Exercise material.

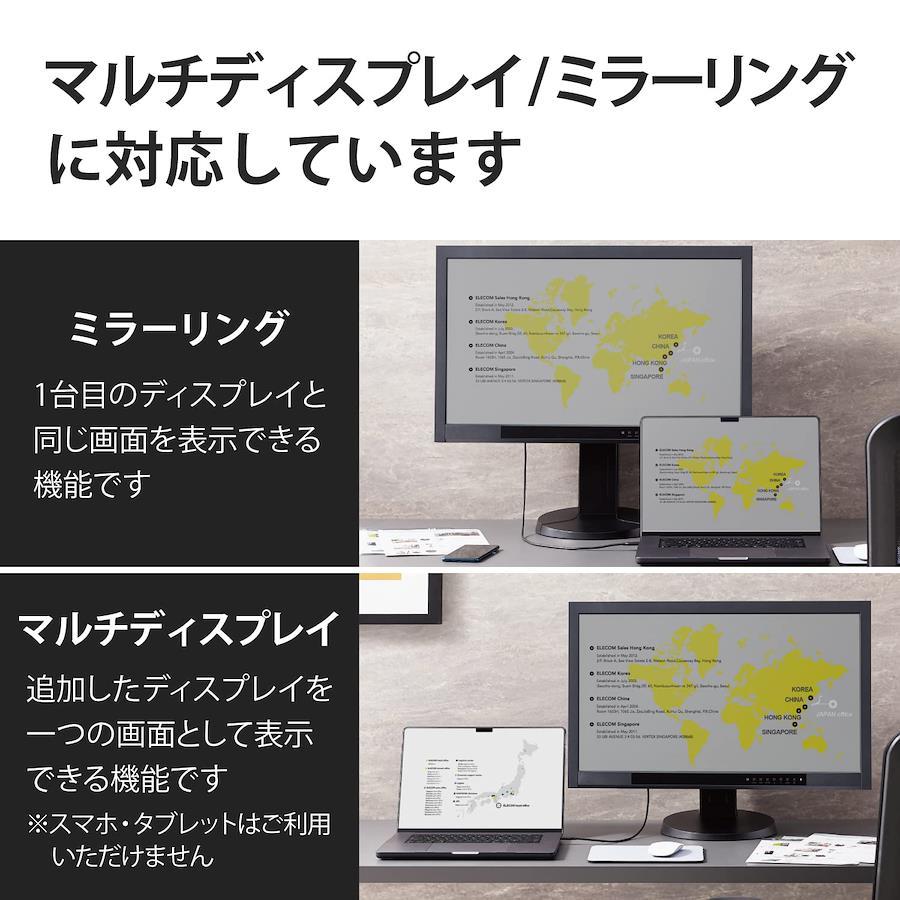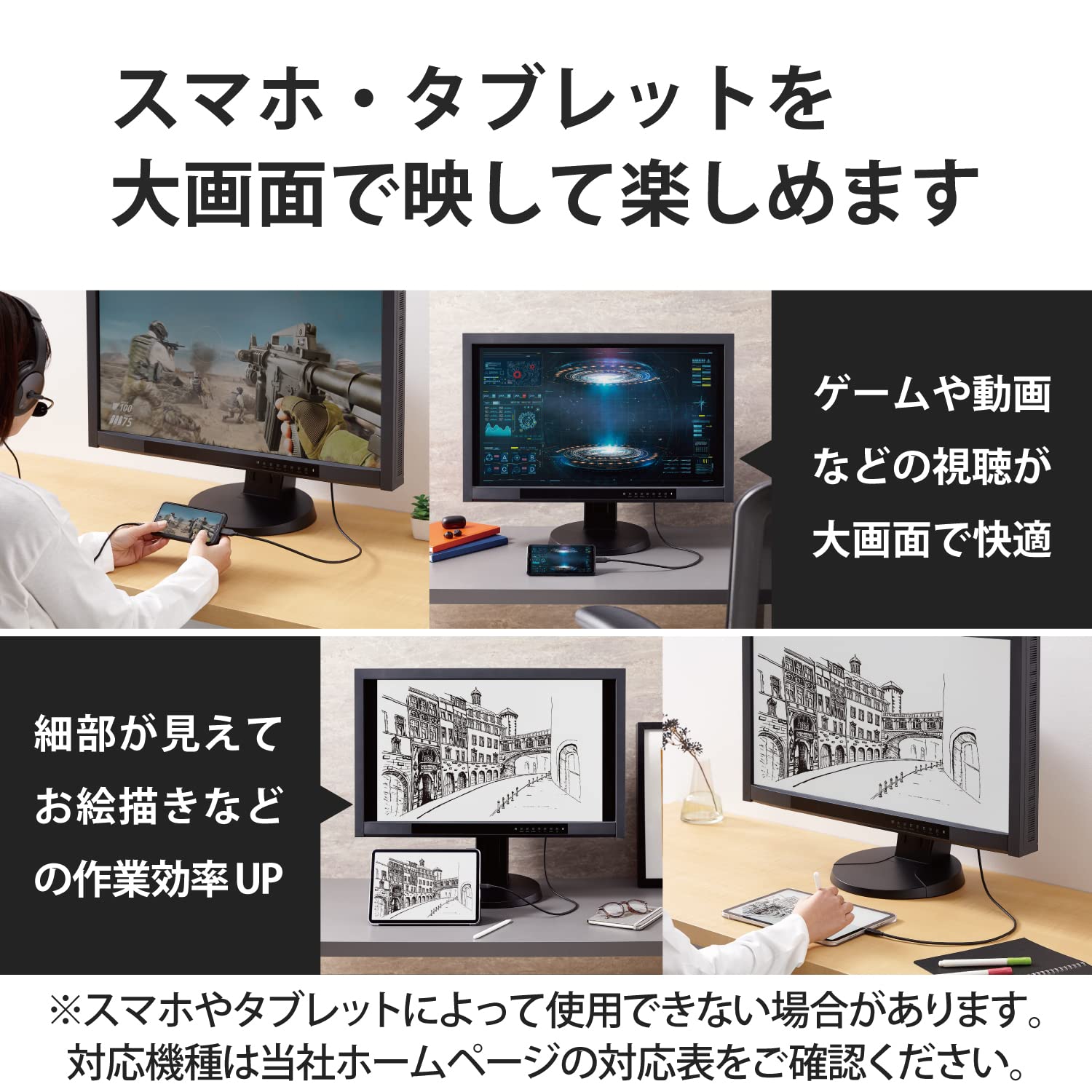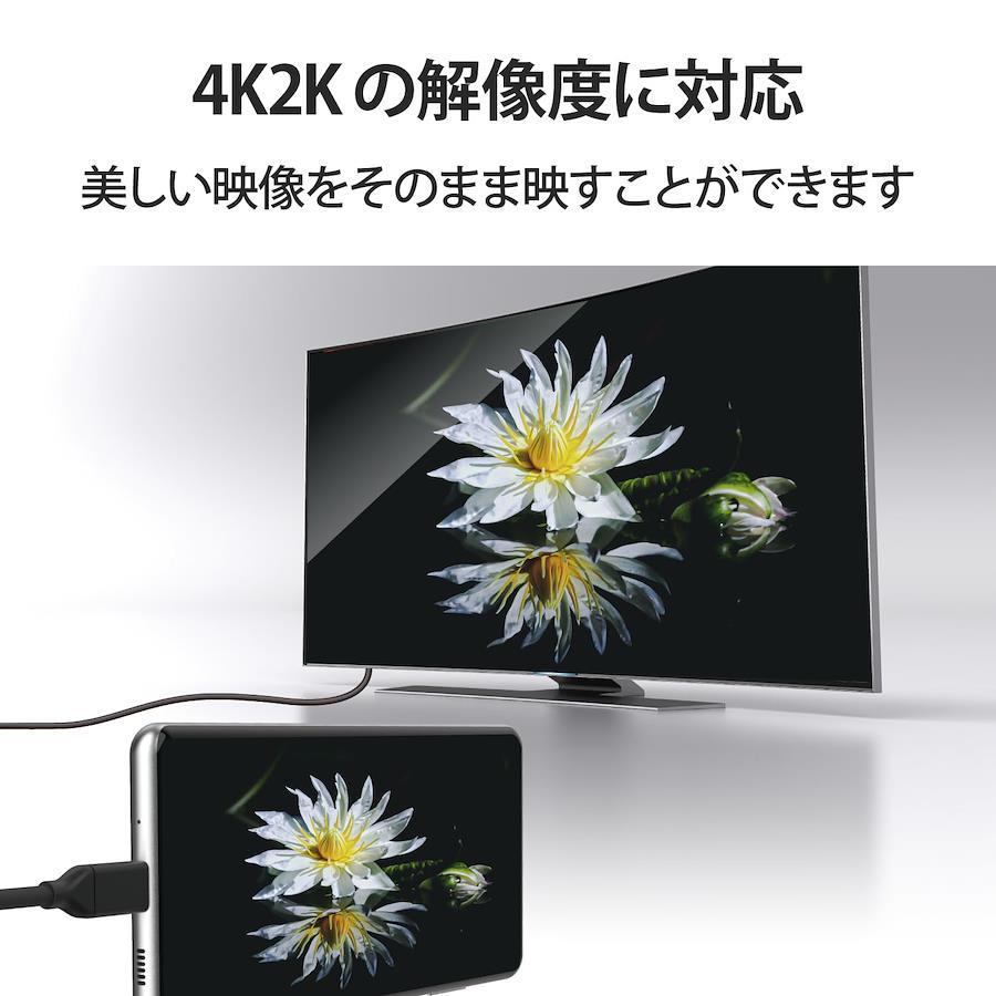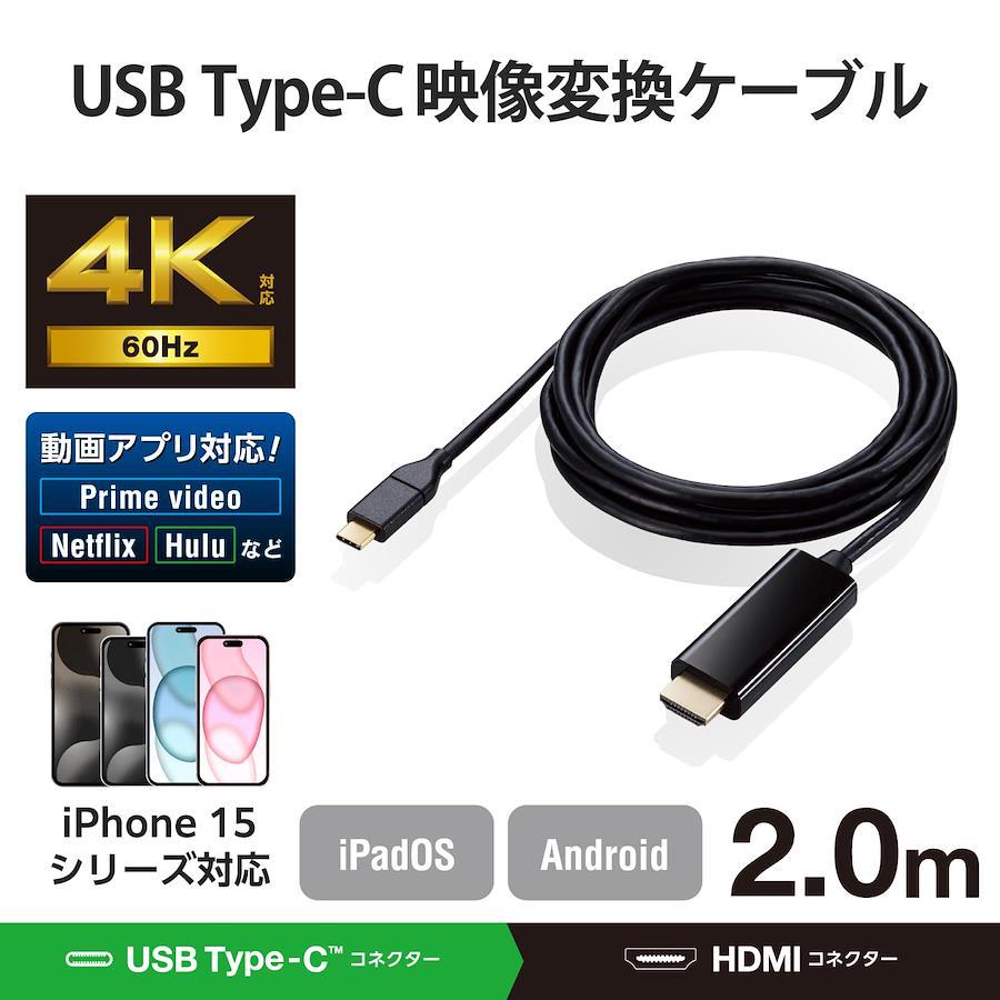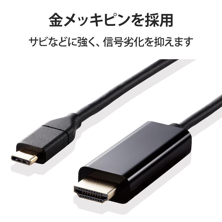 【 説明 】■USB Type-C(TM)端子搭載PC、スマホ、タブレットなどの映像信号を変換し、HDMI入力端子を搭載したディスプレイなどに出力することができるUSB Type-C(TM)映像変換ケーブルです。※ HDMIからUSB Type-C(TM)への変換はできません。※ 音声出力に対応しています。※ 映像が正しく表示されない場合は、接続先のディスプレイの電源ON/OFFや各接続コネクターの抜き差しをお試し下さい。※ 環境、機器により正常に動作しない場合があります。※ 本製品で映像出力を行う際は、出力機器がDisplayPort Alt Mode対応であることをご確認ください。■追加したディスプレイを一つの画面として表示するマルチディスプレイと、1台目のディスプレイと同じ画面を表示するミラーリングに対応しています。※ スマホ、タブレットはマルチディスプレイにご利用いただけません。■著作権保護技術のHDCP1.4/HDCP2.2に対応しています。■ドライバーは不要で、本製品1本で高画質映像と音声を伝送できます。■HDMIケーブルを追加で準備する必要がなく、
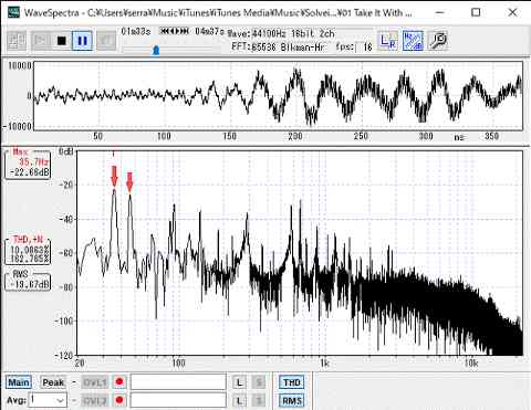 ミニオフ会での話題ですが、スールヴァイグ・シュレッタイェルのアルバムSilverより、 Take it with meの1分33秒前後に36Hzと46Hzの低音が連続して出てきます。 これを再生できるのはヘッドホン、スピーカーならサブウーハーでしょうか。 あるいはシングルアンプならトランスで歪んだ倍音が聞き取れるかもしれません。
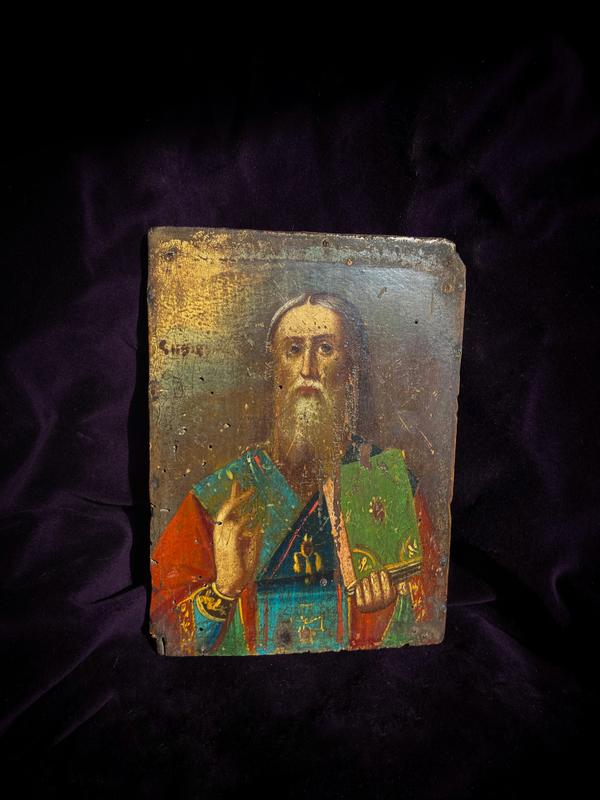 Старовинна ікона Святого Миколи Чудотворця. Орієнтовно кінець 18 століття початок 19 століття. Проводилась консервація, щоб зупинити подальші втрати пігменту але зберегти антикварний вигляд. Висота - 17 см, ширина- 12 см
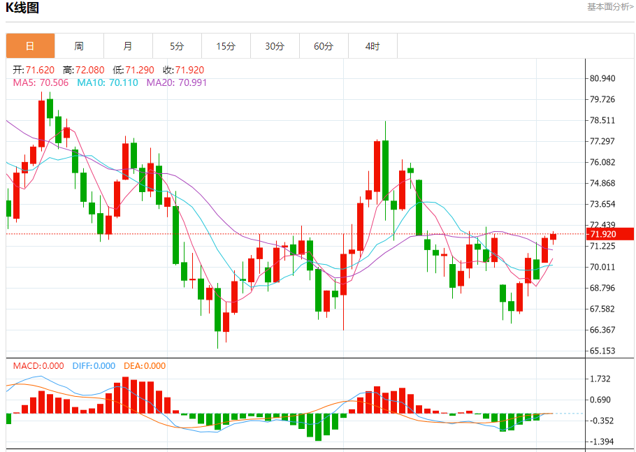 原油市场:截止北京时间21:20,美油上涨,现报71.900,涨幅0.60%。纽市盘前,原油价格自上午以来一直在窄幅波动,稳定在72.15美元附近,因此,今天的预期牛市趋势没有改变,其目标是从突破上述水平开始,以确认向73.70美元前进,作为下一个正站,提醒您牛市的持续取决于70.58美元以上的价格稳定性。
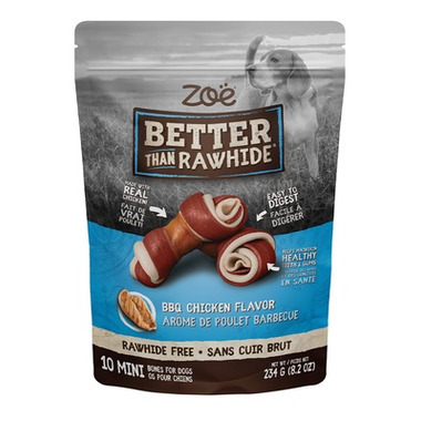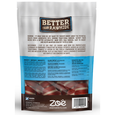 Chewing, It's what dogs do. But many pet parents worry about the potential health risks associated with chewing traditional rawhide. Satisfy their needs with a better alternative: Zoe Better than Rawhide. Made with real chicken, easy to digest and helps maintain healthy gums and teeth, Better than rawhide bones put your worries at ease while satisfying your dog's natural chewing instinct.
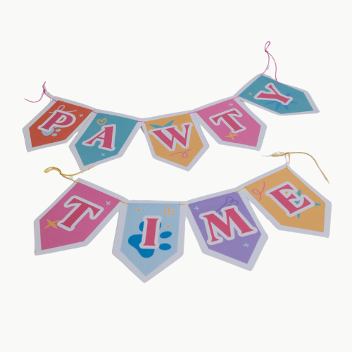 Diseño exclusivo de Pet Brunch, elaborados en cartón, resistente, ubicar en la pared o como decoración en tus fondos o mesa , mensaje PAWTY TIME, medida aproximada 1.5M
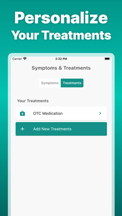 - Personalize your tracker by editing or creating custom symptoms and treatments
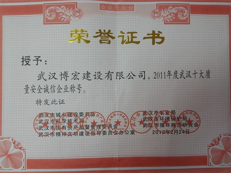 2011年度武漢十大質(zhì)量安全誠信企業(yè)稱號
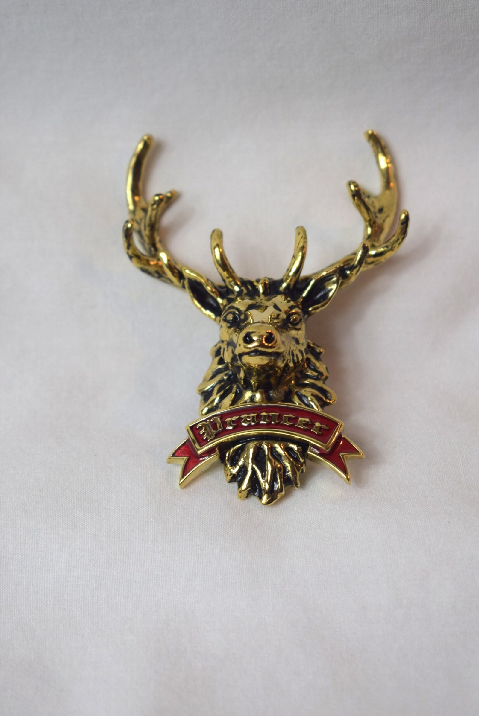 Hampton Roads Santa Claus and Santa Billy Exclusive!! Brass Prancer Brooch with red rocker. Pin measures 3 in tall and over 2 in across, secure 2 pin backing. This quality pin looks great. Priority shipping included.
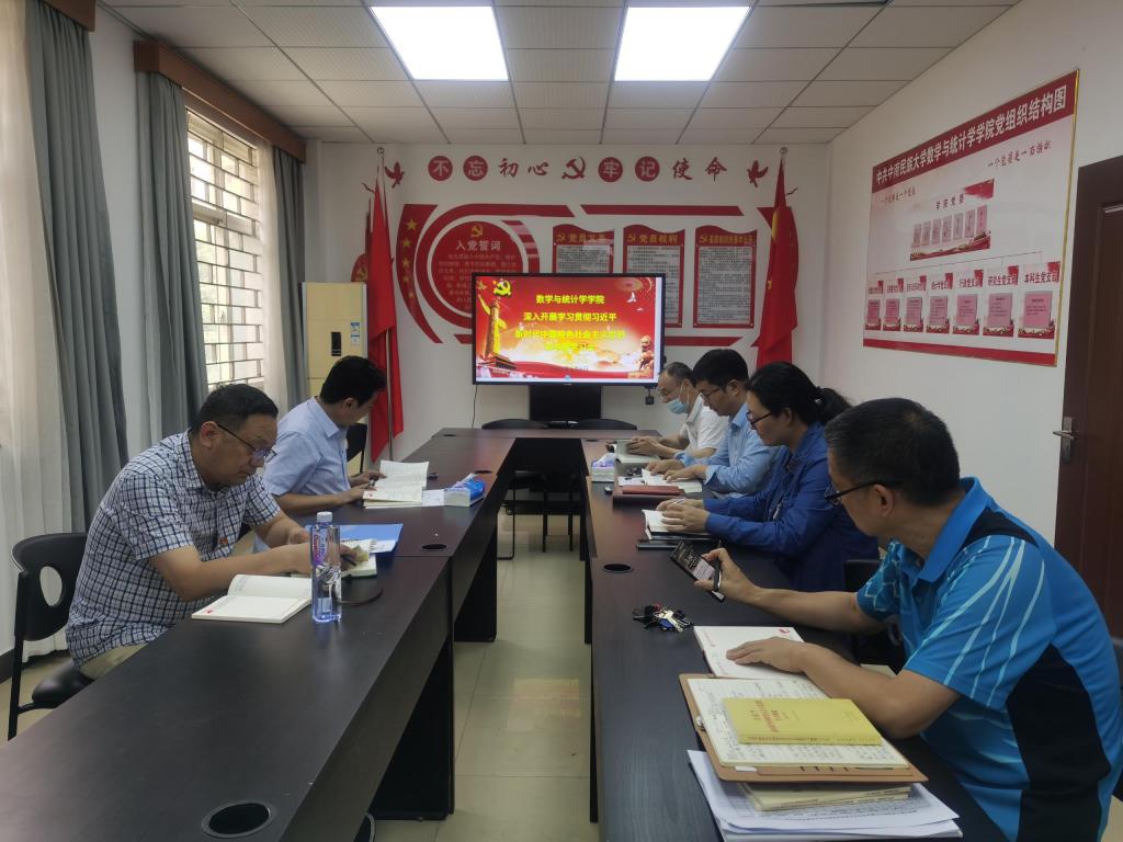 6月6日下午,数学与统计学学院党委全体委员在9号楼129会议室深入开展学习习近平新时代中国特色社会主义思想读书班第九次学习会。此次学习会由学院党委委员、副院长夏永波同志领学《习近平新时代中国特色社会主义思想学习纲要(2023 年版)》相关内容。学院党委委员参与学习。
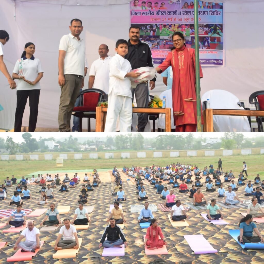 कोंडागांव – ग्रीष्मकालीन खेल प्रशिक्षण शिविर का आज सुबह खेलो इंडिया सेंटर में शुभारंभ हुआ, इस अवसर पर कलेक्टर श्रीमती नूपुर राशि पन्ना और नगर पालिका परिषद के उपाध्यक्ष जसकेतु उसेंडी उपस्थित रहे। शिविर की शुरुआत सामूहिक योगाभ्यास से हुई, जिसमें कलेक्टर, उपाध्यक्ष श्री उसेंडी, विभिन्न विभागों के अधिकारीगण एवं शिविर में भाग ले रहे प्रतिभागी शामिल हुए।
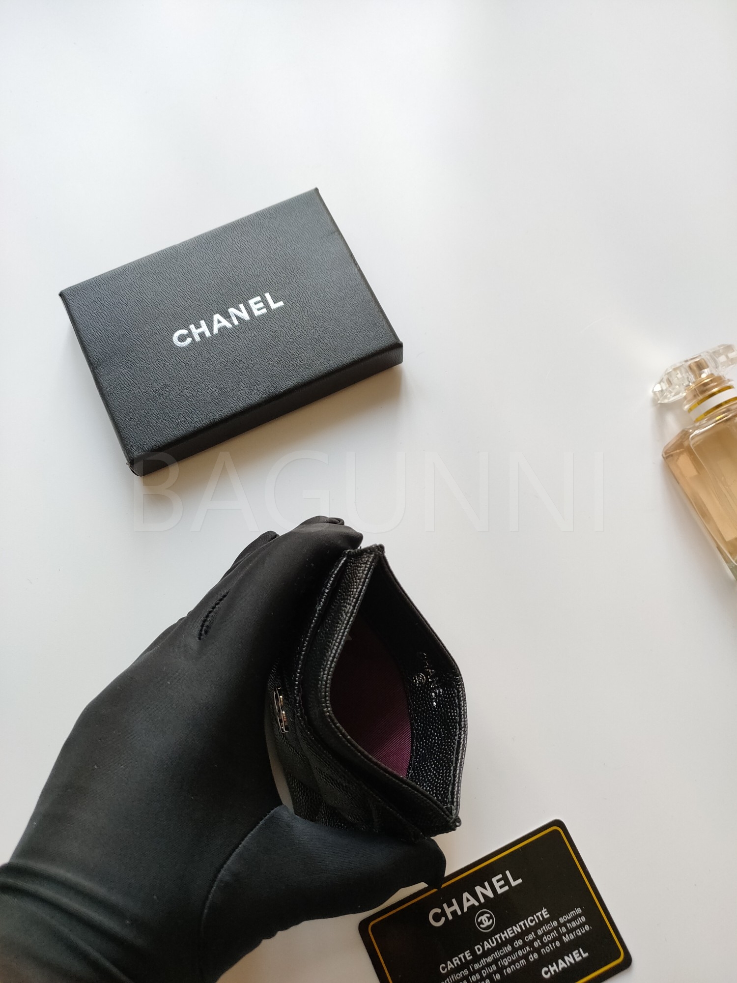 카프스킨의 질감이 돋보이는 샤넬 클래식 플랩 카드지갑입니다.

Task to carry out.
The data above is to be printed exactly, all of it, except for the pictures.

Exercise response.
 【 説明 】■USB Type-C(TM)端子搭載PC、スマホ、タブレットなどの映像信号を変換し、HDMI入力端子を搭載したディスプレイなどに出力することができるUSB Type-C(TM)映像変換ケーブルです。※ HDMIからUSB Type-C(TM)への変換はできません。※ 音声出力に対応しています。※ 映像が正しく表示されない場合は、接続先のディスプレイの電源ON/OFFや各接続コネクターの抜き差しをお試し下さい。※ 環境、機器により正常に動作しない場合があります。※ 本製品で映像出力を行う際は、出力機器がDisplayPort Alt Mode対応であることをご確認ください。■追加したディスプレイを一つの画面として表示するマルチディスプレイと、1台目のディスプレイと同じ画面を表示するミラーリングに対応しています。※ スマホ、タブレットはマルチディスプレイにご利用いただけません。■著作権保護技術のHDCP1.4/HDCP2.2に対応しています。■ドライバーは不要で、本製品1本で高画質映像と音声を伝送できます。■HDMIケーブルを追加で準備する必要がなく、
 ミニオフ会での話題ですが、スールヴァイグ・シュレッタイェルのアルバムSilverより、 Take it with meの1分33秒前後に36Hzと46Hzの低音が連続して出てきます。 これを再生できるのはヘッドホン、スピーカーならサブウーハーでしょうか。 あるいはシングルアンプならトランスで歪んだ倍音が聞き取れるかもしれません。
 Старовинна ікона Святого Миколи Чудотворця. Орієнтовно кінець 18 століття початок 19 століття. Проводилась консервація, щоб зупинити подальші втрати пігменту але зберегти антикварний вигляд. Висота - 17 см, ширина- 12 см
 原油市场:截止北京时间21:20,美油上涨,现报71.900,涨幅0.60%。纽市盘前,原油价格自上午以来一直在窄幅波动,稳定在72.15美元附近,因此,今天的预期牛市趋势没有改变,其目标是从突破上述水平开始,以确认向73.70美元前进,作为下一个正站,提醒您牛市的持续取决于70.58美元以上的价格稳定性。
 Chewing, It's what dogs do. But many pet parents worry about the potential health risks associated with chewing traditional rawhide. Satisfy their needs with a better alternative: Zoe Better than Rawhide. Made with real chicken, easy to digest and helps maintain healthy gums and teeth, Better than rawhide bones put your worries at ease while satisfying your dog's natural chewing instinct.
 Diseño exclusivo de Pet Brunch, elaborados en cartón, resistente, ubicar en la pared o como decoración en tus fondos o mesa , mensaje PAWTY TIME, medida aproximada 1.5M
 - Personalize your tracker by editing or creating custom symptoms and treatments
 2011年度武漢十大質(zhì)量安全誠信企業(yè)稱號
 Hampton Roads Santa Claus and Santa Billy Exclusive!! Brass Prancer Brooch with red rocker. Pin measures 3 in tall and over 2 in across, secure 2 pin backing. This quality pin looks great. Priority shipping included.
 6月6日下午,数学与统计学学院党委全体委员在9号楼129会议室深入开展学习习近平新时代中国特色社会主义思想读书班第九次学习会。此次学习会由学院党委委员、副院长夏永波同志领学《习近平新时代中国特色社会主义思想学习纲要(2023 年版)》相关内容。学院党委委员参与学习。
 कोंडागांव – ग्रीष्मकालीन खेल प्रशिक्षण शिविर का आज सुबह खेलो इंडिया सेंटर में शुभारंभ हुआ, इस अवसर पर कलेक्टर श्रीमती नूपुर राशि पन्ना और नगर पालिका परिषद के उपाध्यक्ष जसकेतु उसेंडी उपस्थित रहे। शिविर की शुरुआत सामूहिक योगाभ्यास से हुई, जिसमें कलेक्टर, उपाध्यक्ष श्री उसेंडी, विभिन्न विभागों के अधिकारीगण एवं शिविर में भाग ले रहे प्रतिभागी शामिल हुए।
 카프스킨의 질감이 돋보이는 샤넬 클래식 플랩 카드지갑입니다.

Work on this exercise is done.